German politician (1900–2000)

Josef Felder (24 August 1900 – 28 October 2000) was a German politician. He was one of the 94 Social Democratic members of the Reichstag who voted against the Nazi Enabling Act of 1933. He was also the last to die of the 94 who voted against this act.

He participated in the famous The Nazis: A Warning From History television series which was produced and broadcast by the BBC. His sections during the series included his experience as an opponent and political prisoner of the Nazis in Dachau, where he himself was sent.

== Biography ==
Josef Felder was born the eldest of eleven children of an Augsburg merchant family. His parents were Josef and Therese Felder. His mother died when he was seven years old. In the first years of life, the family often moved around southern Germany. After attending primary and secondary school (at the primay school, Julius Streicher was one of his teachers) he completed an apprenticeship in the graphic arts industry. He then worked first in his father’s textile factory and from 1924 to 1933 as an editor for the Swabian People’s Newspaper. In 1933, Felder first fled to Austria and from there to Czechoslovakia after the Dollfuß revolt. In 1934, he illegally returned to Germany and was arrested. Until 1936, Felder was imprisoned in the Dachau concentration camp. There he met the later SPD chairman Kurt Schumacher. He then worked until 1946 in the textile and sporting goods company of Willy Bogner senior in Munich and Oberaudorf as an accountant. Bogner, who was well acquainted with Felder's brother, had "requested" him to get him out of the concentration camp.

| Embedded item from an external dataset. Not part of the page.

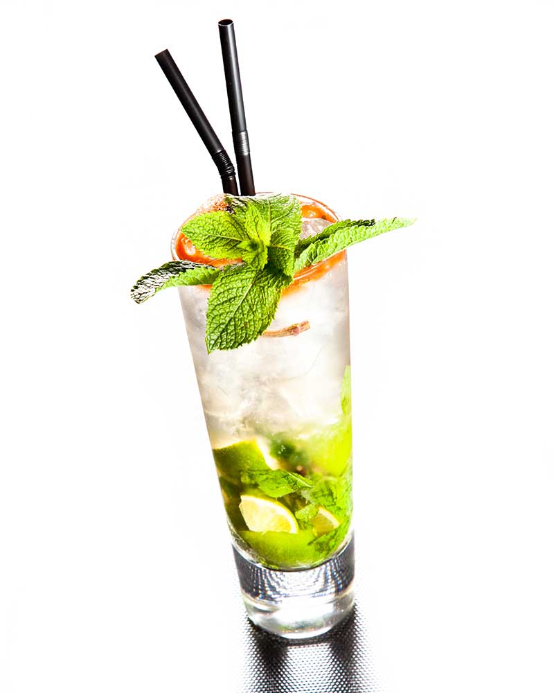 Dans un verre long drink, écraser délicatement au pilon les feuilles de menthe et le citron vert avec l’Angostura bitter et le sirop de sucre de canne.

In 1946 Felder became publisher and editor-in-chief of The Southeast Courier in Bad Reichenhall. From 1955 to 1957 he was editor-in-chief of the SPD newspaper Vorwärts.

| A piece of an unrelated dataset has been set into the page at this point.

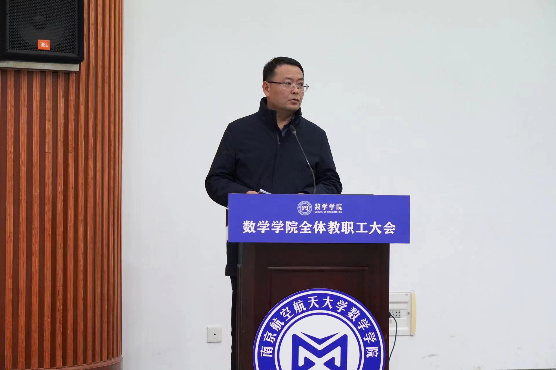 院长王春武首先传达了学校2024年干部教师大会精神。他强调,2024年是实现“十四五”规划目标任务的关键一年,全院上下要以高度的责任感、使命感、紧迫感,紧扣学校“高质量发展年”主旋律,再接再厉、攻坚克难,深化“特色立院、科学治院、人才强院、文化润院”发展战略,深入推进“理科卓越工程”,以新担当、新作为为学校高质量发展贡献力量。随后,他围绕学科建设、人才引培、开放办学等内容对学院2024年重点工作进行布置。

On 28 October 2000, Felder died in Munich at the age of 100. He was married and had two children.

== Bundestag ==
From, 1930 Felder was a city councillor in Augsburg, from 1932 he was a member of the Reichstag. Felder was one of the 94 Social Democratic Party (SPD) members of the Reichstag to vote against the Nazi Enabling Act of 1933. Of the vote on the Enabling Act, he said it was "A cynical impudence to even invite us" (Eine zynische Frechheit, uns überhaupt noch einzuladen), completing the trip to Berlin to vote. Following the passing of the Act, he and his SPD colleagues were outlawed and the SPD itself was banned.

Later in the Dachau concentration camp, a former Sturmabteilung member told him that they had probably been “missed” an opportunity to catch him in Augsburg. Felder was the last living member of the Reichstag from the time of the Weimar Republic. On the 4. In October 1990, he attended the first session of the reunified German Bundestag in the Reichstag building in Berlin as a guest of honour.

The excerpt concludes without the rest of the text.